Barbara Cameron

Personal information
- Nationality: Northern Irish
- Born: 16 April 1962 (age 64) Coalisland, Northern Ireland

Sport
- Sport: Lawn bowls
- Club: Ballymena BC

Medal record
Representing Northern Ireland
Women's lawn bowls
Commonwealth Games
| Bronze medal – third place | 2014 Glasgow | Women's pairs |
Representing combined Ireland
Atlantic Bowls Championships
| Gold medal – first place | 1993 Florida | pairs |
| Bronze medal – third place | 1995 Durban | pairs |
Irish Nationals
| Gold medal – first place | 2001 | singles |
| Gold medal – first place | 2022 | triples |

= Barbara Cameron (bowls) =

Bowls player from Northern Ireland

Barbara Mary Cameron (born 16 April 1962) is a Northern Irish international lawn bowler and bowls coach.

== Bowls career ==
=== International ===
In 1993, she won the pairs gold medal with Phillis Nolan at the inaugural Atlantic Bowls Championships. Two years later she won the pairs bronze medal at the Atlantic Championships.

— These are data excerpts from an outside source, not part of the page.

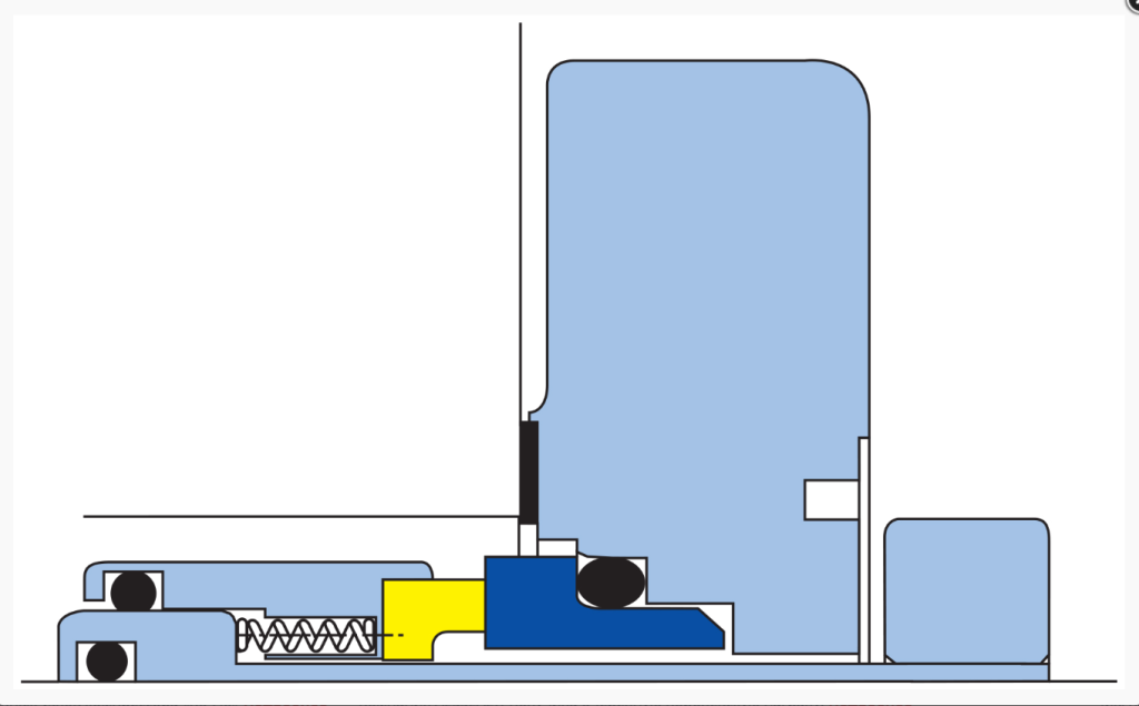 • Одинарное торцевое уплотнение картриджного типа с подпружиненной вращающейся частью;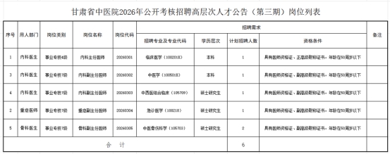 8. 具备岗位要求的其他条件(见附件1:《甘肃省中医院2026年公开考核招聘高层次人才公告(第三期)岗位列表》,以下简称“岗位列表”)。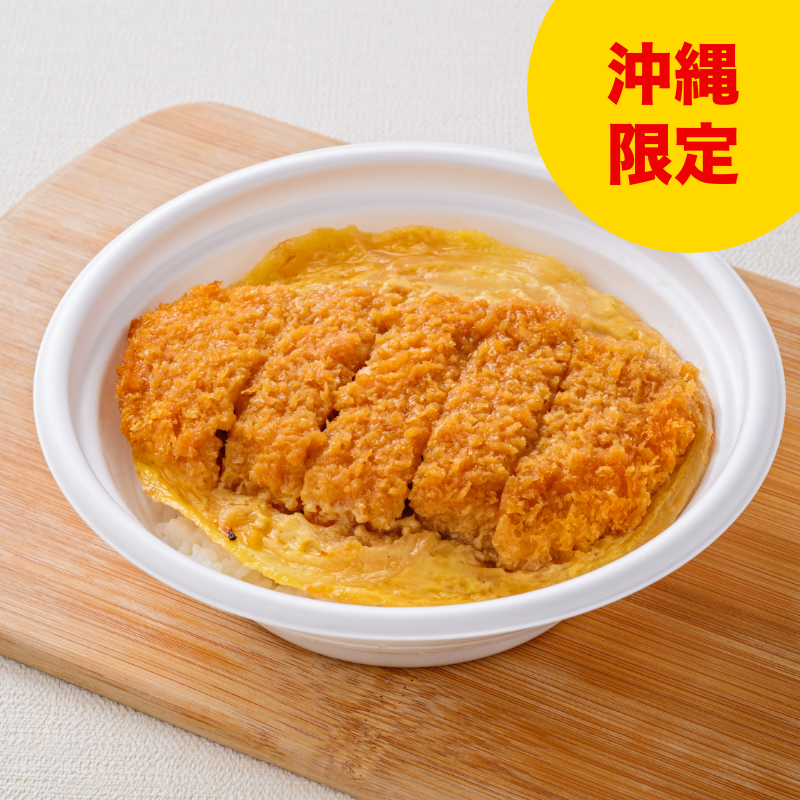 雪平鍋で1食ずつ卵とじにしたこだわりのかつ丼。とんかつはホワイトペッパーを下味に加えてうちなーんちゅ好みの味付けに仕立てました。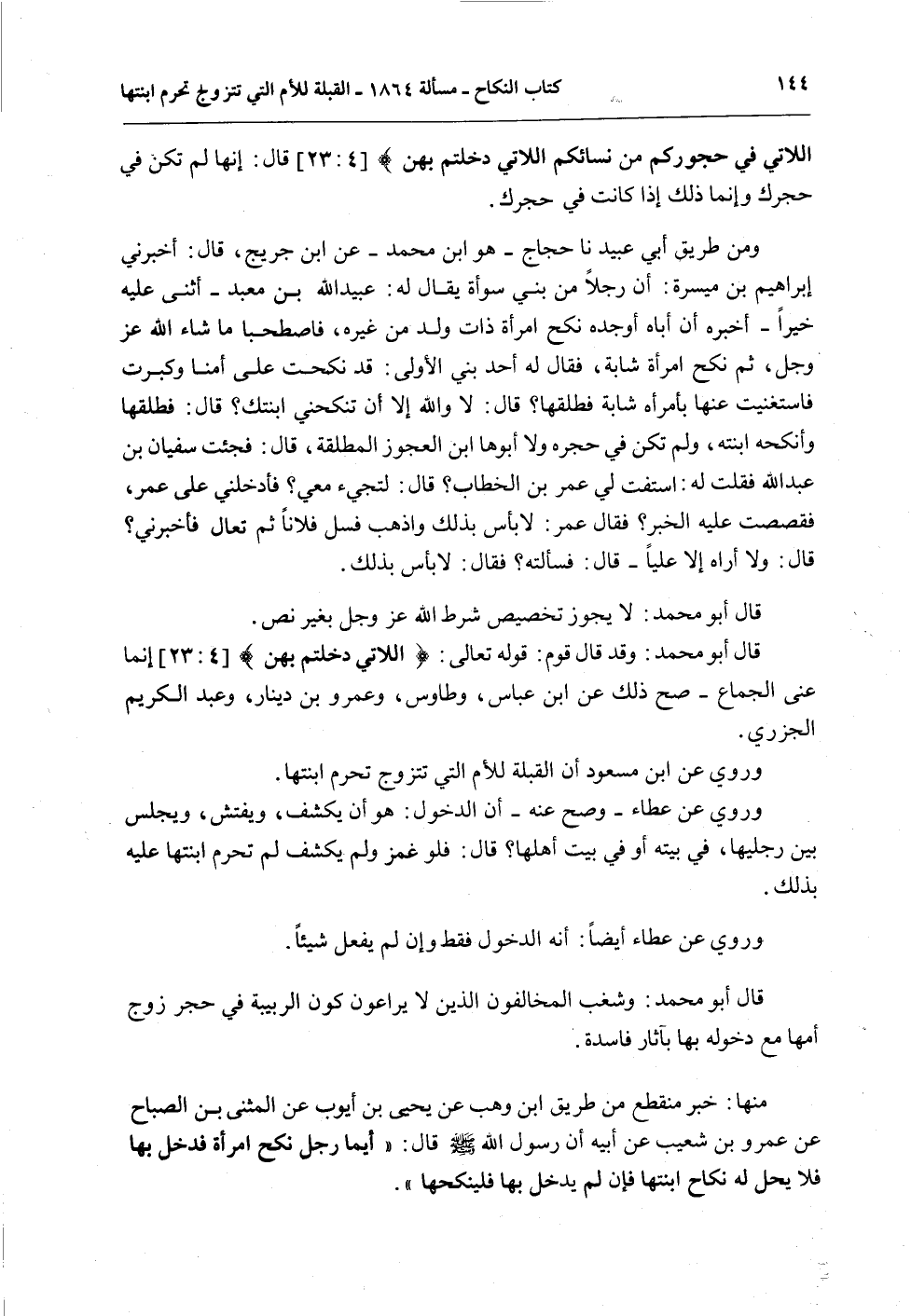 قَالَ أَبُو مُحَمَّدٍ: وَشَغَبَ الْمُخَالِفُونَ الَّذِينَ لَا يُرَاعُونَ كَوْنَ الرَّبِيبَةِ فِي حِجْرِ زَوْجِ أُمِّهَا مَعَ دُخُولٍ بِهَا بِآثَارٍ فَاسِدَةٍ.

She competed for Northern Ireland in the women's pairs event at the 2014 Commonwealth Games where she won a bronze medal.

=== National ===
In 2001, Cameron won the singles crown at the Irish National Bowls Championships, bowling for Ballymena BC. In 2022, she won the triples title. In 2016, Cameron won the final in the fours of the Provincial Towns Women's Bowling Association Championships.

== Coaching ==
Cameron was selected as a coach for the Northern Ireland team for the 2018 Commonwealth Games on the Gold Coast in Queensland.

Cameron was awarded the British Empire Medal (BEM) in the 2020 Birthday Honours for services to lawn bowls in Northern Ireland.